Start listening, then press a key near your microphone. FFT classifies the sound as linear, tactile, or clicky.

Input level
— dB

How to use

  1. Click Start listening and allow microphone access when the browser prompts.
  2. When the waveform is live, press keys near your mic — each loud hit triggers an FFT classification when the RMS crosses the capture threshold.
  3. Read Switch classification, explanatory tip, peak frequency, and level.
  4. Click Stop listening to end microphone capture and release audio resources.
  5. Use Reset to clear the last result and prepare for another capture session.

FAQ

Is audio uploaded?

No.
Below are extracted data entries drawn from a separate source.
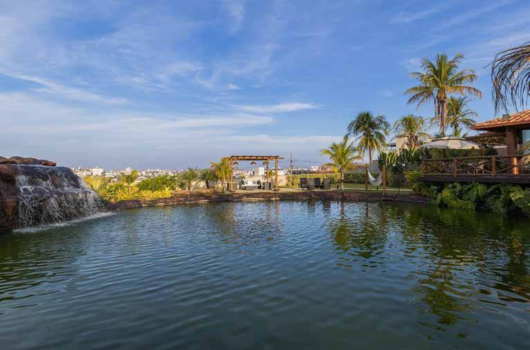 queimado. Já a divisória, revestida com ladrilho hidráulico Savona 60x60 cm, vai além da separação visual. Posicionada atrás da bancada e do forno de pizza, ela também atua como plano de fundo decorativo. Os ladrilhos hidráulicos, com padrões geométricos e florais em tons neutros, conversam com a rusticidade da madeira, o concreto da bancada e a estrutura de tijolos e telhas. Na varanda foi usada uma paleta de cores quentes e orgânicas. A cor marrom queimado do revestimento Iron 60x120 cm se aproxima do Aço Corten e harmoniza com o piso escuro em Madeira Slot Castanheira 20x100 cm, que reproduz a textura e a aparência da madeira natural. No coração do projeto, o lago artificial se destaca como ponto de contemplação e conexão com o entorno. Ele atua como espelho d’água que reflete a paisagem e a arquitetura, reforçando a harmonia entre o natural e o construído. Em seu entorno, os espaços convidam à permanência e ao descanso.
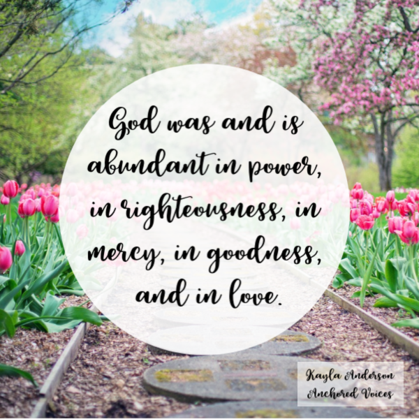 God was and is abundant in power, in righteousness, in mercy, in goodness, and in love. In Him, we have the power to give and live abundantly as well – yes, even when our life doesn’t look or feel rich. We all have access to a wealth in Him to give to others.
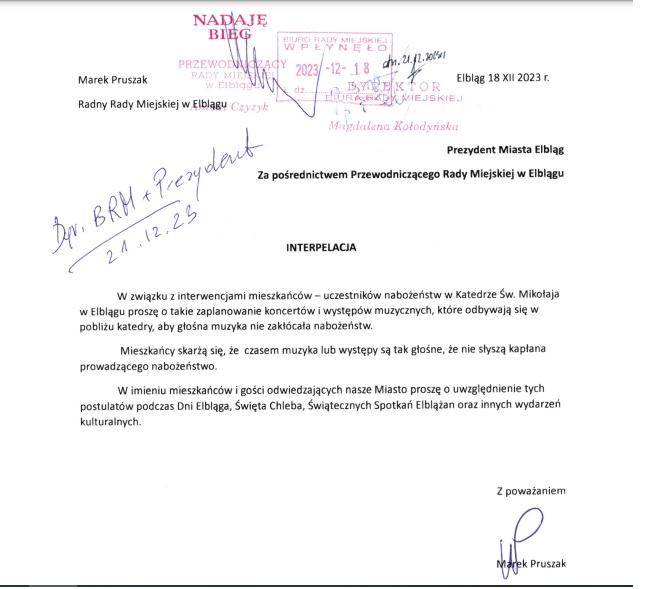 "W związku z interwencjami mieszkańców - uczestników nabożeństw w Katedrze św. Mikołaja w Elblągu, proszę o takie zaplanowanie koncertów i występów muzycznych, które odbywają się w pobliżu katedry, aby głośna muzyka nie zakłócała nabożeństw. Mieszkańcy skarżą się czasem, że muzyka lub występy są tak głośne, że nie słyszą kapłana prowadzącego nabożeństwo. W imieniu mieszkańców i gości odwiedzających nasze Miasto proszę o uwzględnienie tych postulatów podczas Dni Elbląga, Święta Chleba, Świątecznych Spotkań Elblążan oraz innych wydarzeń kulturalnych" - wskazuje radny klubu PiS Marek Pruszak.
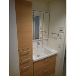 ユニットバス交換と合わせて、洗面台を交換したい。 新しいユニットバスと色合いを合わせたい。 洗面台の間口を狭くして収納を増やしたい。
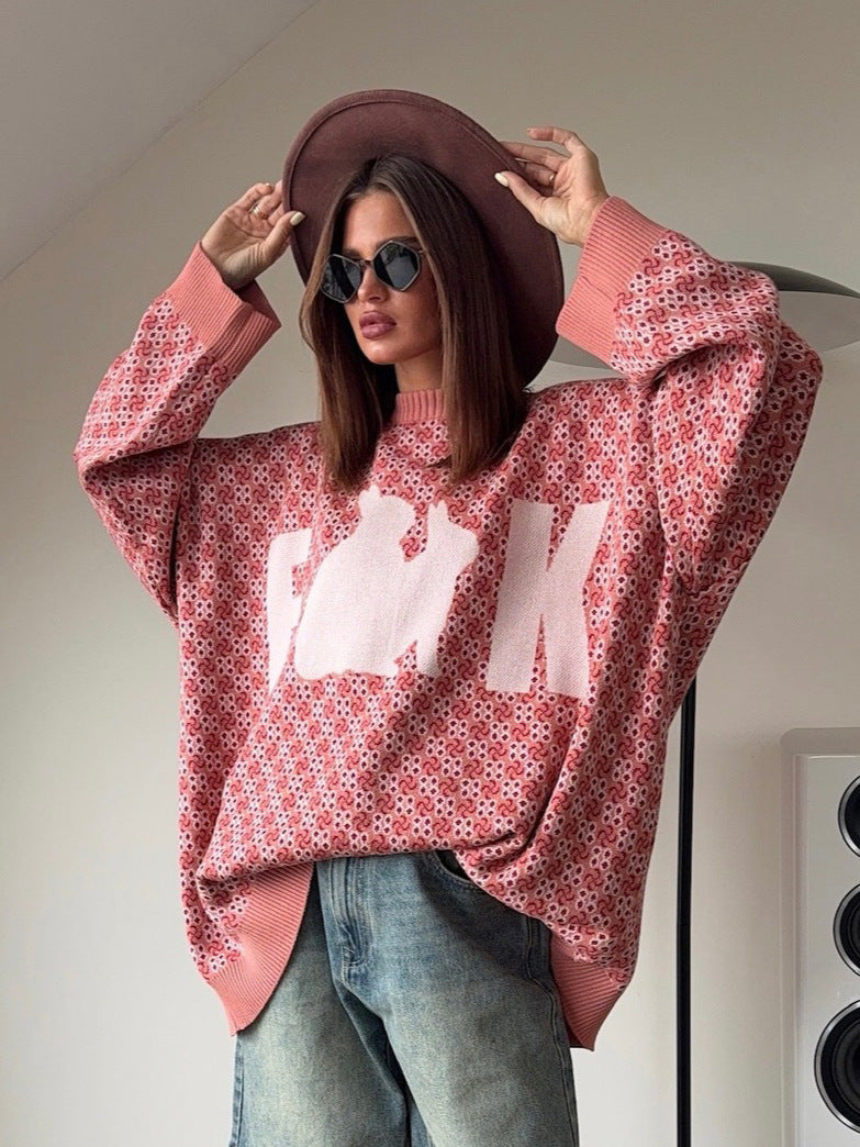Fashion Trend Design Knitted Bunny Sweater Spring And Autumn Lazy Wind Loose Leisure Women HZ1208
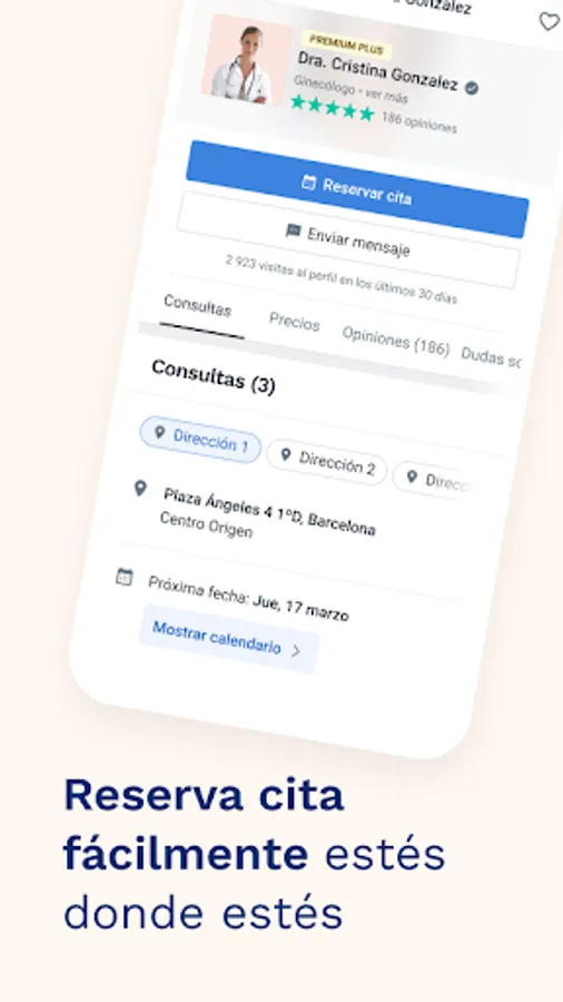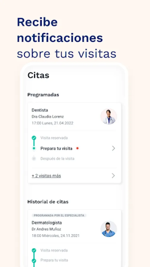 ★ Appointment management. Through your patient profile you can manage all your appointments: confirm, modify, cancel and even contact your specialist.
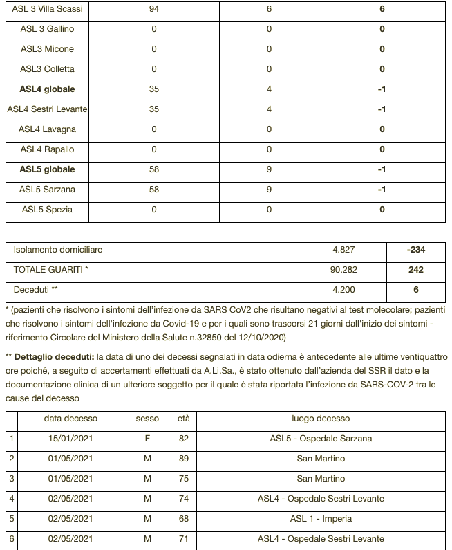 Sono 4.200 i morti con coronavirus in Liguria, con un aumento rispetto a quanto comunicato ieri da Regione Liguria di sei (femmine e maschi da 68 a 89 anni) di cui solo tre decessi si riferiscono alle ultime 24 ore.
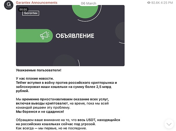 然而,隨著監管升級,制裁的力度進一步加大。2025年3月6日,穩定幣發行方Tether凍結了約2800萬美元的USDT,涉及多個Garantex關聯錢包。Garantex被迫暫停所有交易和提現,并在官網發布公告,警告俄羅斯用戶的USDT資產面臨風險。這一行動緊隨歐盟2月26日發布的第16輪對俄羅斯制裁,Garantex因與受制裁的俄羅斯銀行關系密切,被直接列入制裁名單。
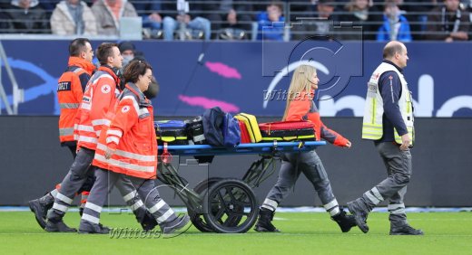 Deutsche Rotes Kreuz, Notarzt, Sanitaeter auf dem Weg zum verletzten Torwart Kaua Santos (Frankfurt)
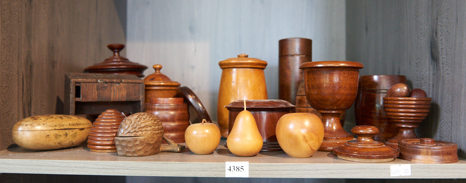 A SHELF OF ASSORTED TREEN BOXES, LEONARD JOEL LOCAL DELIVERY SIZE: SMALL
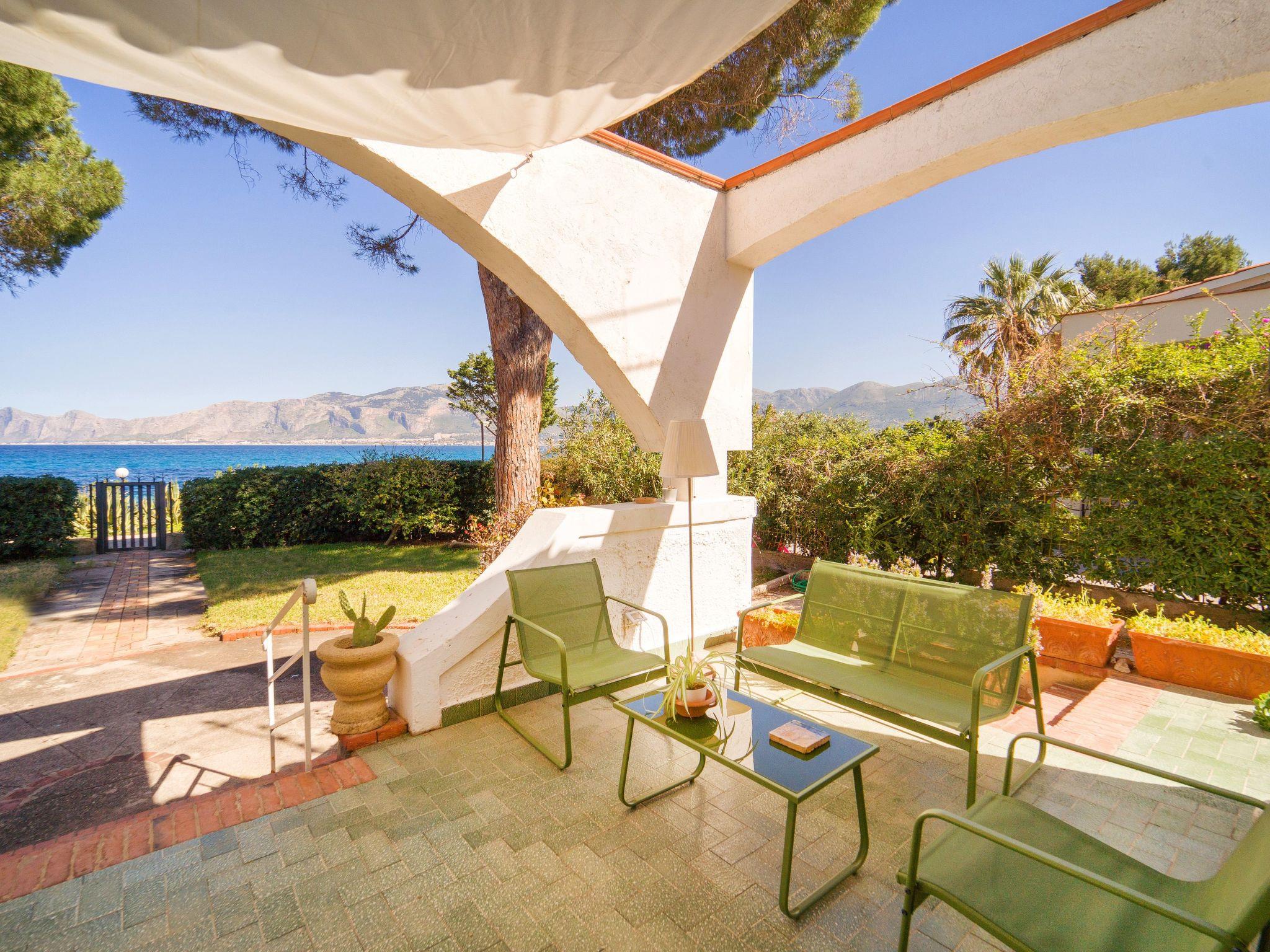 The lounge and kitchen embrace the panorama as far as Isola delle Femmine.
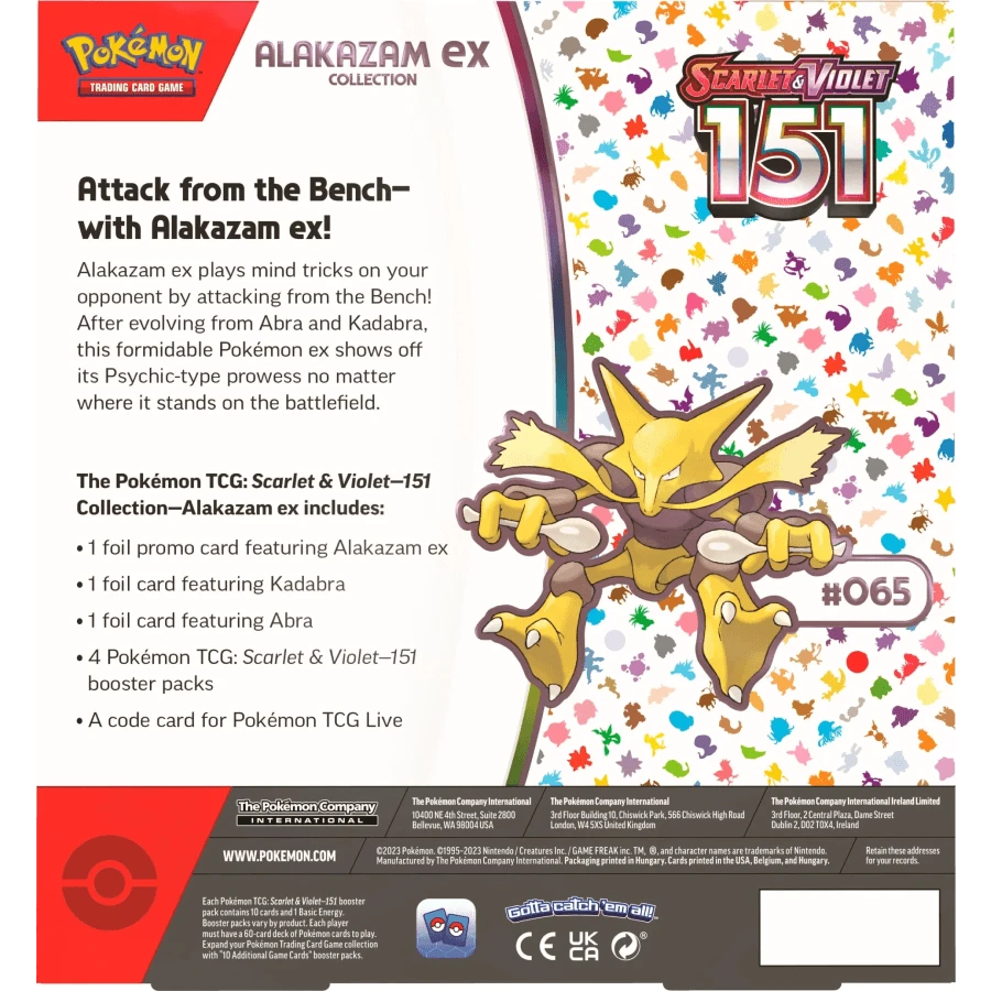 Includes four Scarlet & Violet—151 booster packs, one double rare card featuring Alakazam ex and two foil promo cards featuring Kadabra and Abra

Audio is processed locally via Web Audio / AnalyserNode; nothing is sent to a server.

Why is my classification wrong?

Room noise, desk resonance, microphone quality, and loose stabilizers shift peaks — use single clean presses and retest.

Do I need a special mic?

Any laptop or headset mic works for a rough classification; results are indicative, not lab-grade.

Introduction

Keyboard Sound Analyzer listens through your microphone, measures level, draws a live waveform, and when a press is loud enough estimates a frequency peak to label the sound as broadly linear (thock), tactile, or clicky.

Purpose

  • Quick, fun comparison between switches or keyboards.
  • Educational preview of how tonal peaks differ by switch type.

Key Features

  • Browser microphone capture with live waveform and input level meter.
  • Heuristic FFT peak → Linear / Tactile / Clicky labels plus descriptive tips.
  • Reset clears the last classification without a page reload.

Common Use Cases

  • Hobbyist switch comparison streams or Discord “what switch is this?” clips.
  • Teaching students how different stems change dominant frequencies.

Best Practices

  • Test in a quiet room, mic a few centimeters above the switch, single firm presses only.
  • Treat output as indicative — room modes and cheap mics skew peaks.

Comparison metrics

Output Notes
Peak Hz Dominant FFT bin converted to frequency — compare same mic distance and environment.
Classification band Rules of thumb: low peak ≈ linear profile, mid ≈ tactile, high ≈ clicky (see on-screen tips).
Level meter Confirms the mic actually hears the key before trusting a capture.

This is a heuristic demo, not a replacement for acoustic measurement gear.